The coordinator should:

  1. Remind engineers to sign up.
  2. Assign folks to unfilled slots when needed (do your own due diligence when this action is necessary).
  3. Coordinate temporary changes or special requests that cannot be resolved by engineers themselves.
  4. After assigning unfilled slots and accommodating special requests the coordinator should click Sync to Calendar > Schedule shifts. This will schedule shifts in this calendar and if any developer added their email into the spreadsheet, they will be added as guests in the on-call calendar event.

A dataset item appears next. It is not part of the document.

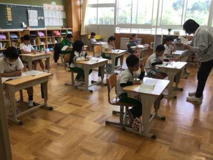 3、4年生は、先日届いたばかりの新しい漢字ドリルに取り組んでいます。やり方を先生に教えてもらって、さあ、スタート。ここから、学年の新出漢字の学習が始まります。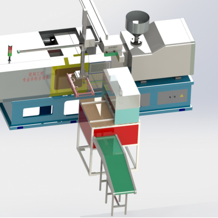 - 美的空調外殼面板自動切水口設備,利用三軸機械手從注塑機抓去,然后自動切除水口,自動擺放到流水線,到下一個工位。實現(xiàn)車間無人化,投入成本低,產品切換簡單容易,已經成為注塑行業(yè)的標準配置。

An Epic of execution tracking was created, where each coordinator is expected to register an issue under this Epic for the month-on-duty to capture activities and send notifications. Here is an example.

Rotation Schedule

See the Google sheet of schedule. In the future, we could embed a summary of the upcoming week here.

Resources

Coordinator Practice Guide

Below is a process that one coordinator used to fill unclaimed spots:

  1. Start by finding the least filled shift (Usually this is 00:00 - 04:00 UTC) in the on-call sheet.
  2. Determine the appropriate timezone for this shift (in the case of 00:00 - 04:00 it is +9,+10,+11,+12,+13).
  3. Go to the team members list sheet and filter the "UTC" column by the desired timezones for the shift . Now you have the list of possible people that can take this shift.
  4. Go to google calendar and start to create a dummy event that is on the day and time of the unclaimed shift . NOTE you will not actually end up creating this event.
  5. Add all of the people that can possibly take the shift to the event as guests.
  6. Go to the "Find a Time" tab in the calendar event to see availabilities of people.
  7. Find a person that is available (preferring people that have taken no shifts or few shifts based on the total shifts counts sheet) . Note people who are on leave or otherwise busy or in interviews, do not schedule them for the shift. It would be fine to ignored events that appeared to be normal team meetings, 1:1, coffee chat as people can always leave a meeting if there is an urgent escalation.
  8. Assign them to the shift by filling their name in the the on-call sheet in Purple font color.
  9. Now since there are likely many days that have this unfilled time slot then update the event date to the next day with this same unfilled time zone. Since it's the same time then the same set of people will be appropriate to take the shift which means you don't need to update the guest list.
  10. Repeat all of the above for all of the unclaimed timezones remembering that you want to solve for one shift (by time range) at a time as it means you will re-use the same guest list to determine availability.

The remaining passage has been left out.